To the best of our knowledge, there have been nine studies comparing IGB to CGI in VLBW infants [7–14]. Two of them [7,9] have been published only in an abstracted form, which does not allow for a complete, critical assessment.

Not all studies examined feeding tolerance as an outcome variable. Blondheim et al. [11] examined mostly pulmonary mechanics in a study of 24 VLBW infants and concluded that IGB negatively affects pulmonary function, while feeding with CGI does not alter baseline pulmonary mechanics. That specific study related to infants who already tolerated feeds, regardless of the method used. Aynsley-Green et al. [8] focused on entero-insular hormones and concluded that IGB elicits cyclical surges of these hormones not found with CGI. Since several of these hormones have a trophic effect on the intestinal mucosa [15], it has been speculated that IGB may be a preferable method of feeding in VLBW infants, because of its potential for inducing faster gut maturation. In contrast, Parker et al. [16] found that in infants with intestinal disease (protracted diarrhea or short bowel), CGI improves enteral balance, leading to higher nutrient retention than IGB. The latter study prompted the examination of the hypothesis that in VLBW infants, CGI would improve nutrient balance when compared with IGB. This hypothesis has been tested in six studies [4,9,10,12–14]; in all of them, CGI was not found to improve nutrient balance, whether this was tested indirectly through the examination of weight gain [4,10,12,14] or time to regain birth weight [9,13,14] or directly through balance studies [4].

Six studies out of the mentioned above have compared IGB to CGI in terms of feeding tolerance [4,7,10,12–14]. Only one [7] reports improved feeding tolerance in the CGI group. This must be taken with caution, as this study is a retrospective one, and is available only in an abstracted form. Three additional studies [4,12,13] found no significant differences between the two methods. However, that of Macdonald et al. [12] was limited by the facts that infants were distributed in three small groups (an additional group of intra-pylorically-fed infants was also studied) and that feeding intolerance was not precisely defined. Although the investigators were blinded, the study by Silvestre et al. [4] was plagued by the intervention of the attending physicians, who switched many infants from the IGB to the CGI group because of what they felt were feeding-related events such as apneas and bradycardias. Such infants switched to CGI tolerated feeds only after a prolonged period, which may indicate that in these specific infants, feeding intolerance may not have been related to the method of feeding. The third study to find no significant differences between the methods is that by Akintorin et al. [13]. The latter study is, in our opinion, very limited by the fact that the definitions of feeding tolerance in the CGI and the IGB groups were not identical, which may well have introduced a systematic bias [13].

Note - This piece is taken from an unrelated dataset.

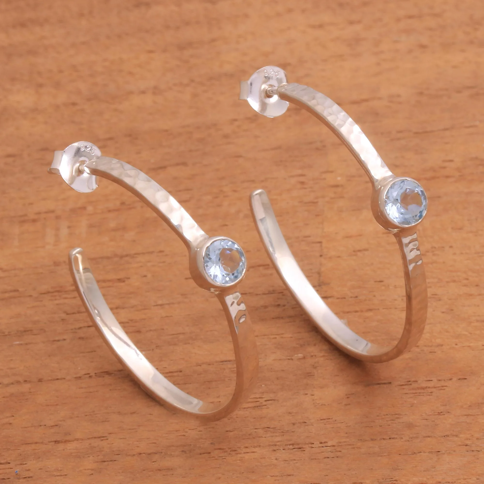Sterling Silver Hammered Blue Topaz Half-Hoop Earrings, 'Pretty Paradox'
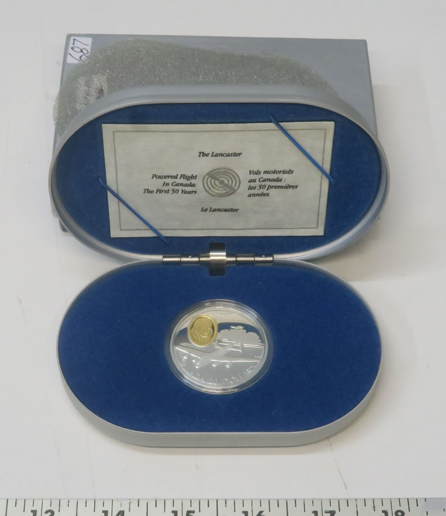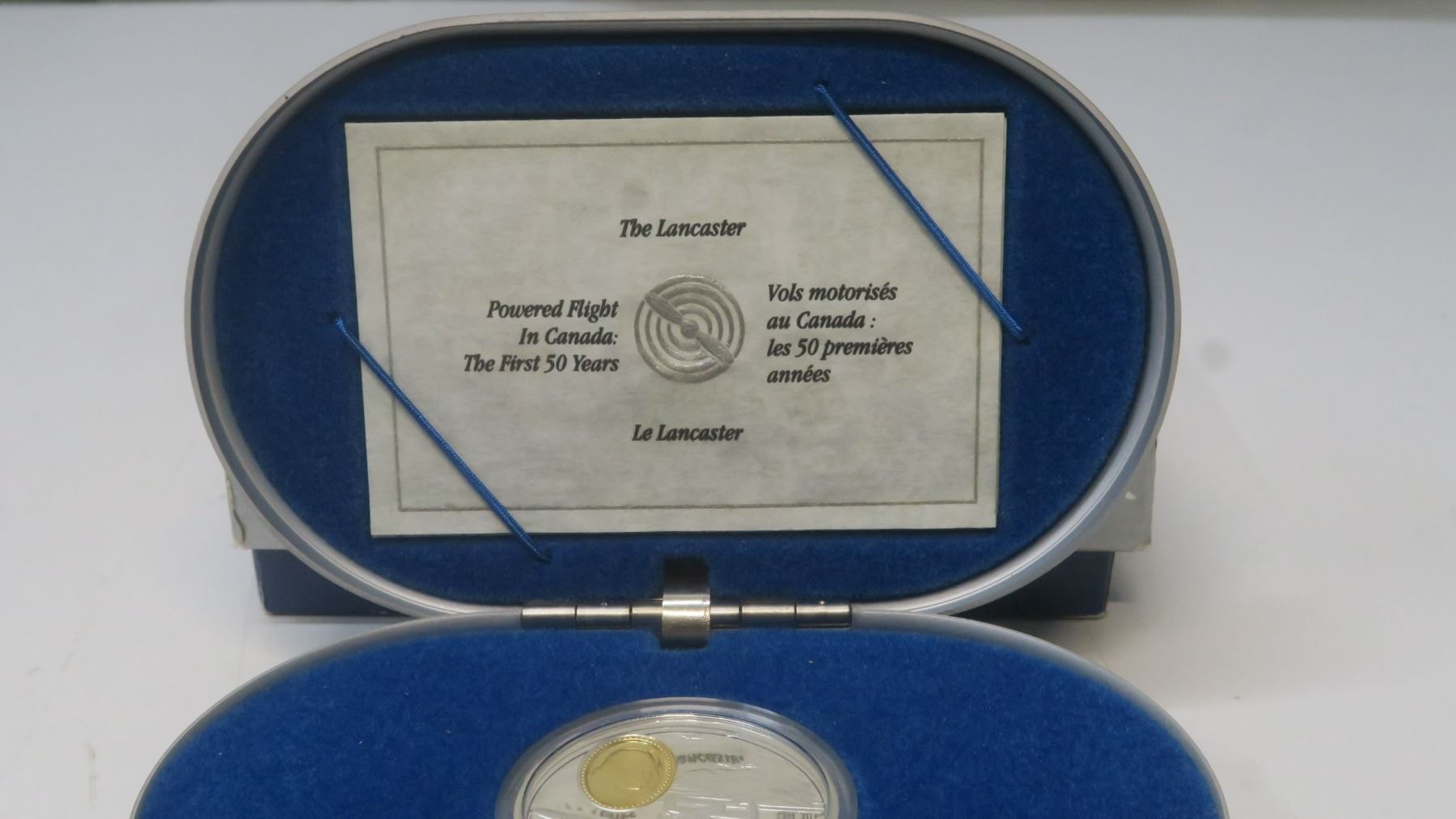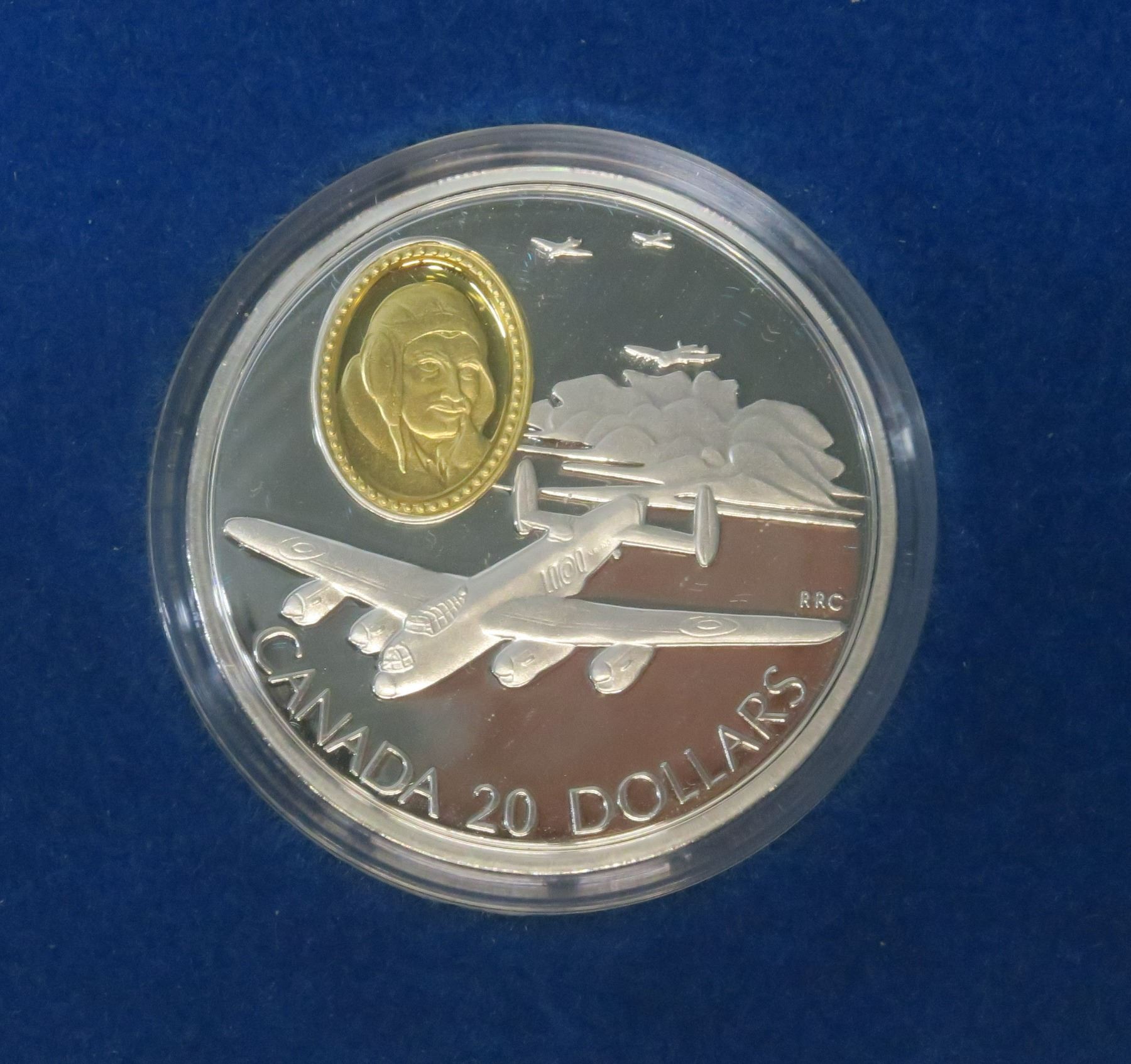 1990 Lancaster Bomber $20. Sterling Silver with Gold Plating. Proof with Ultra Heavy Cameo. Housed in its original case & box of issue. Scarce.

We are left with two studies, which like ours found a significant advantage of IGB over CGI in terms of feeding tolerance [10,14]. Toce et al. [10] found this advantage to exist only in the 1000 to 1250 g birth-weight stratum of their patients. In the large, elegant study by Schanler et al. [14], which also contained balance data, the advantage of IGB over CGI was mostly present in the 26 to 27 weeks gestational age group, while no significant differences were found in the 28 to 30 weeks gestational age group. Importantly, in Schanler’s study, more protocol violations (switches from one method to the other because of protracted failure to tolerate feeds) were observed in the CGI group. In our study, only one infant was dropped for a similar reason (she did not tolerate feeds after 42 days), and she belonged to the CGI group as well. When switched to boluses, she tolerated feeds almost immediately.

The time to regain birth weight was very similar in both of our study groups. We believe this likely to be due to the fact that patients received complementary parenteral nutrition, which allowed for appropriate growth.

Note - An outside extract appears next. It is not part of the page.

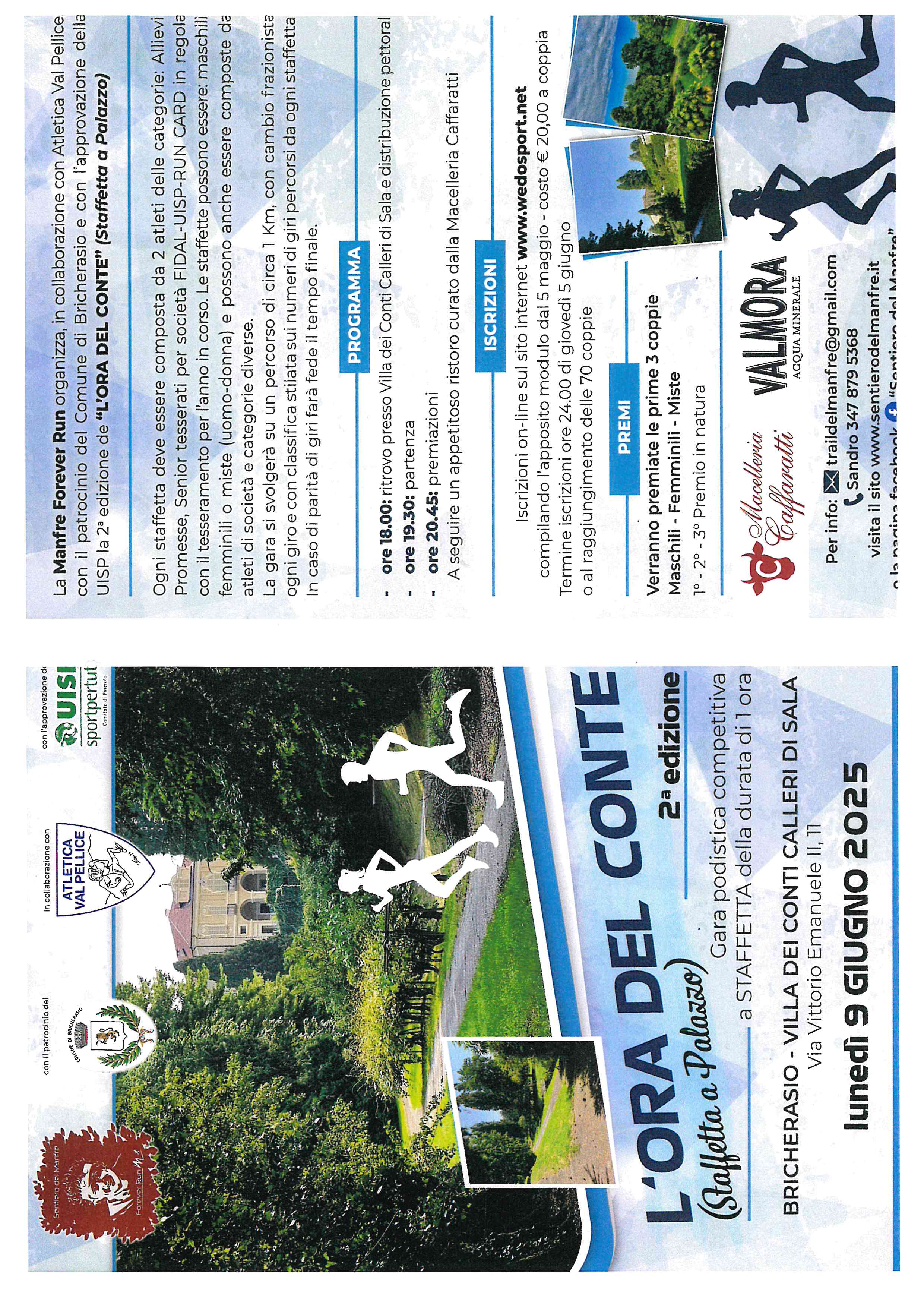 La Manfre Forever Run presenta, in collaborazione con l’Atletica Val Pellice, il patrocinio del Comune di Bricherasio e l’approvazione della UISP la 2^ edizione dell’Ora del Conte, gara podistica competitiva a staffetta della durata di un’ora organizzata dall’Associazione “Sentiero del Manfre” prevista la sera di lunedì 9 giugno a Villa dei Conti Calleri di Sala a Bricherasio. Per la gara di lunedì 9 ogni staffetta deve essere composta da due atleti/e o mista anche di società e categorie diverse, delle cateorie Allievi, Promesse e Senior su di un circuito di circa 1 km con cambio frazionista ad ogni giro e classifica finale stilata sul numero dei giri percorsi. Il programma prevede il ritrovo alle 18 a Villa Calleri, in Via Vittorio Emanuele II n. 11 per la distribuzione dei pettorali, alle 19,30 la partenza e al termine le premiazioni alle quali segue un ricco ed appetitoso ristoro fornito dalla Macelleria Caffaratti. Per partecipare ci si deve iscrivere compilando il modulo reperibile al sito internet www.wedosport.net entro giovedì 5 giugno oppure al raggiungimento di 70 coppie iscritte al costo di 20 € a coppia e verranno premiate le prime tre maschili, femminili e miste con doni in natura. Per ulteriori informazioni scrivere una mail a traildelmanfre@gmail.com oppure telefonare a Sandro al 3478795368. Si può anche visitare il sito www.sentierodelmanfre.it e la pagina facebook “Sentiero del Manfre” per avere maggiori informazioni
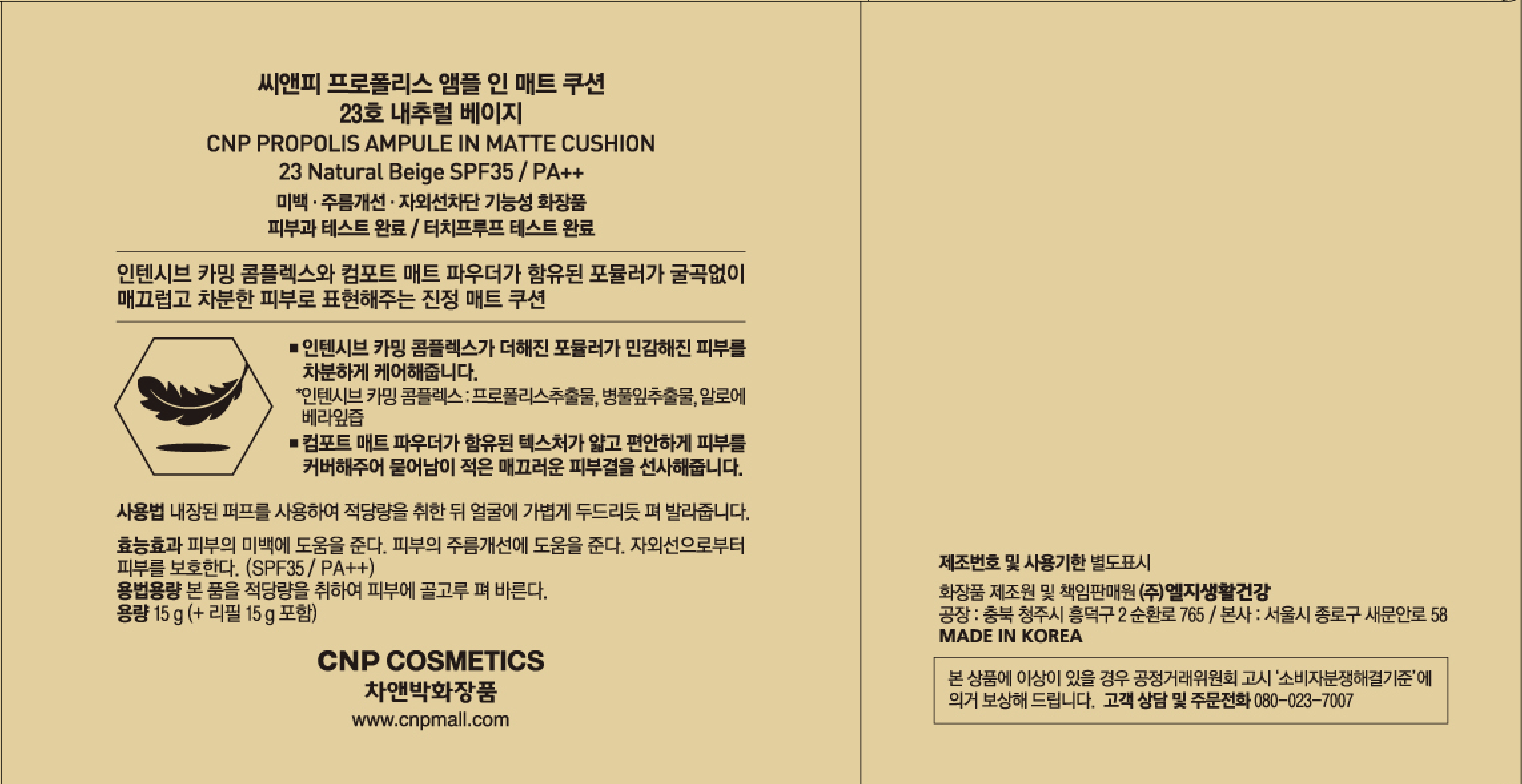 | 용량(중량) | 15g | 제품 주요 사양 | 모든 피부용 |

We conclude that when feeds are initiated in a VLBW infant, the IGB method is probably preferable to CGI and should decrease the incidence of episodes of feeding intolerance. It will not eradicate them, as such episodes were seen in both feeding groups. Moreover, our findings do not necessarily apply to those infants who already tolerate feeds and who, under specific circumstances (such as poor pulmonary function and deterioration during IGB), may still benefit from CGI. We can only speculate about the mechanism, which may explain our results: one possible explanation is that there might be a need for stomach distention by a minimum volume of feeds in order to optimize gut peristaltism. This speculation might appear to be probable with the use of modern techniques such as electrogastrography.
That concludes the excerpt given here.